╭─ Records for processing
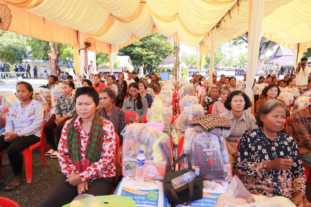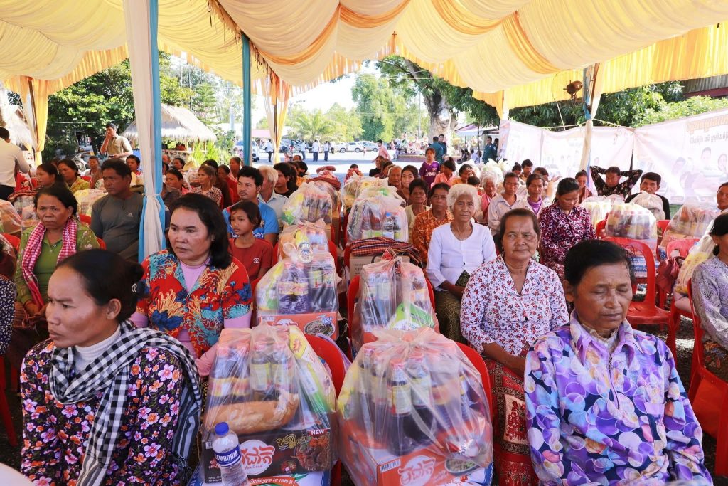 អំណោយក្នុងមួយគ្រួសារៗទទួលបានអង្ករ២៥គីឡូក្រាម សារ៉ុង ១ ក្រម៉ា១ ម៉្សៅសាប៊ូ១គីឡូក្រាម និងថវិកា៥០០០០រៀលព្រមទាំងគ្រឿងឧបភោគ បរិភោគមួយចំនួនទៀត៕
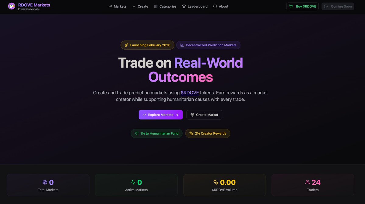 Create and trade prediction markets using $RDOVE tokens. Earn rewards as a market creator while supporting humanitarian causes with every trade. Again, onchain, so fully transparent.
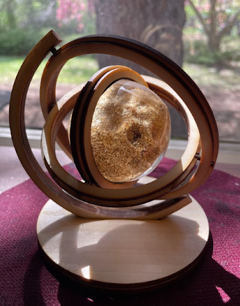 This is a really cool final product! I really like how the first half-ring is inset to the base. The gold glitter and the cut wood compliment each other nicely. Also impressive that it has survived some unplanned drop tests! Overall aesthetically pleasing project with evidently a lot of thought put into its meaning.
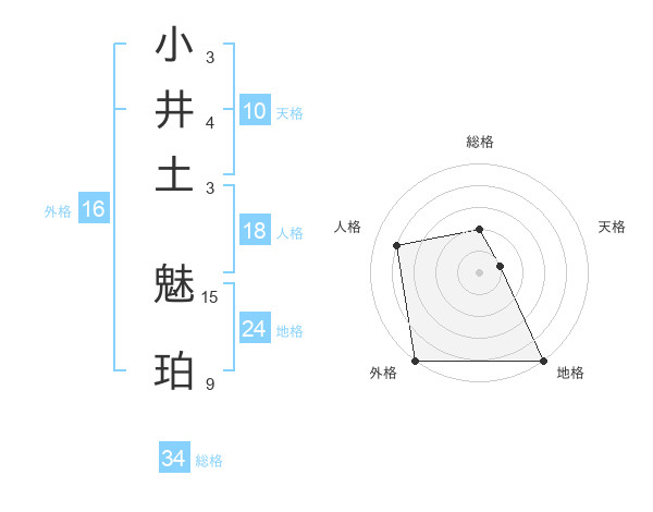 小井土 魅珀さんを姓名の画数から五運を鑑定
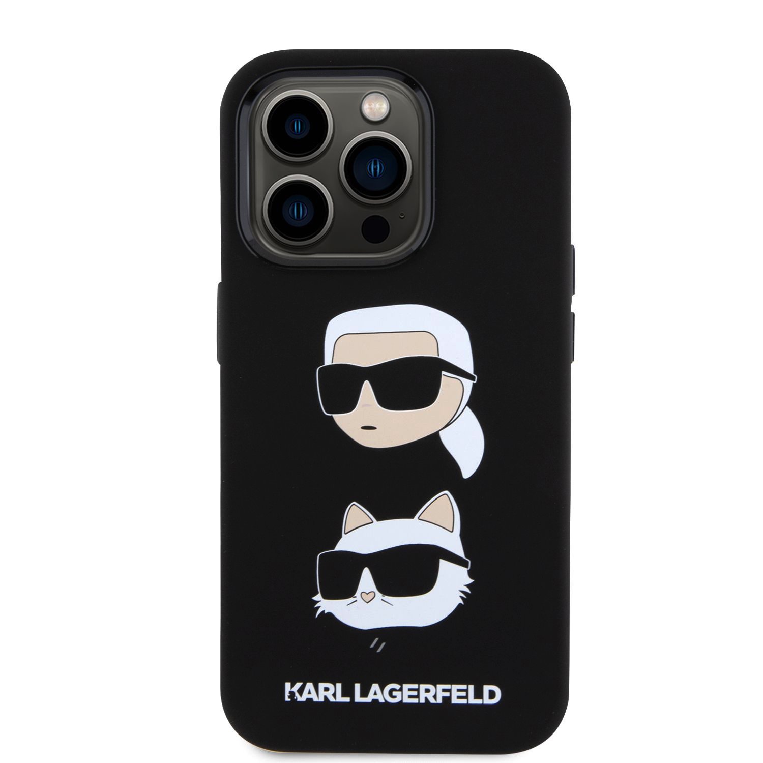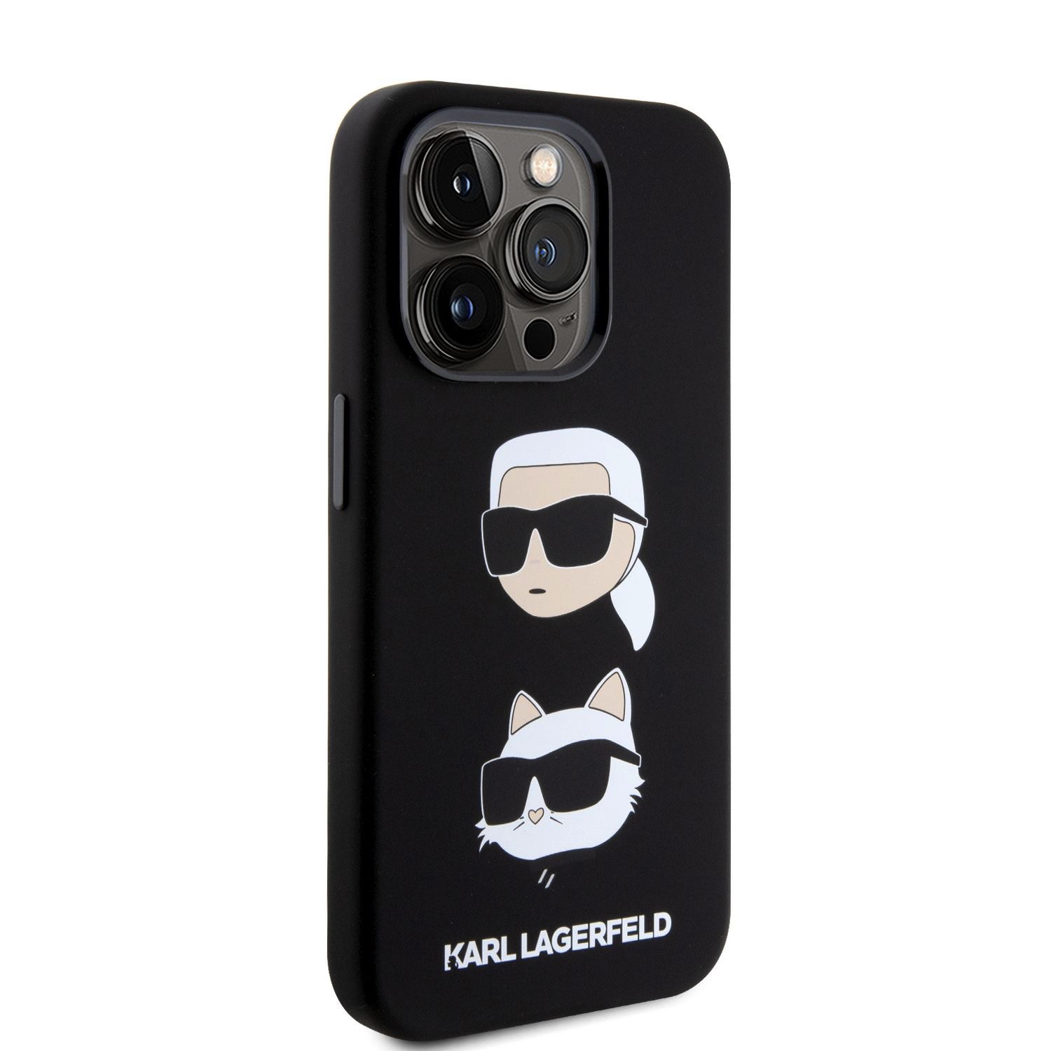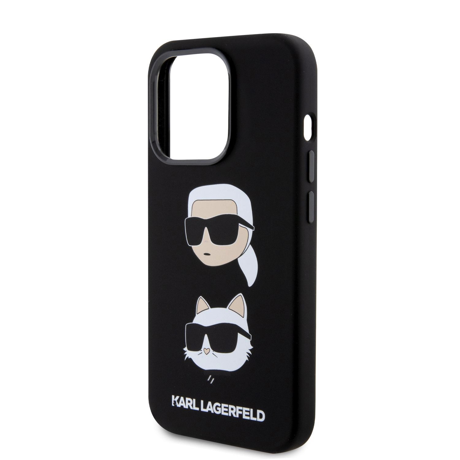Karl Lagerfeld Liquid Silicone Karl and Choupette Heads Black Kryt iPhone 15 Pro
╰─
* Action item: Quote every record above exactly, omitting any pictures they contain.

* Solution to this exercise:
 អំណោយក្នុងមួយគ្រួសារៗទទួលបានអង្ករ២៥គីឡូក្រាម សារ៉ុង ១ ក្រម៉ា១ ម៉្សៅសាប៊ូ១គីឡូក្រាម និងថវិកា៥០០០០រៀលព្រមទាំងគ្រឿងឧបភោគ បរិភោគមួយចំនួនទៀត៕
 Create and trade prediction markets using $RDOVE tokens. Earn rewards as a market creator while supporting humanitarian causes with every trade. Again, onchain, so fully transparent.
 This is a really cool final product! I really like how the first half-ring is inset to the base. The gold glitter and the cut wood compliment each other nicely. Also impressive that it has survived some unplanned drop tests! Overall aesthetically pleasing project with evidently a lot of thought put into its meaning.
 小井土 魅珀さんを姓名の画数から五運を鑑定
Karl Lagerfeld Liquid Silicone Karl and Choupette Heads Black Kryt iPhone 15 Pro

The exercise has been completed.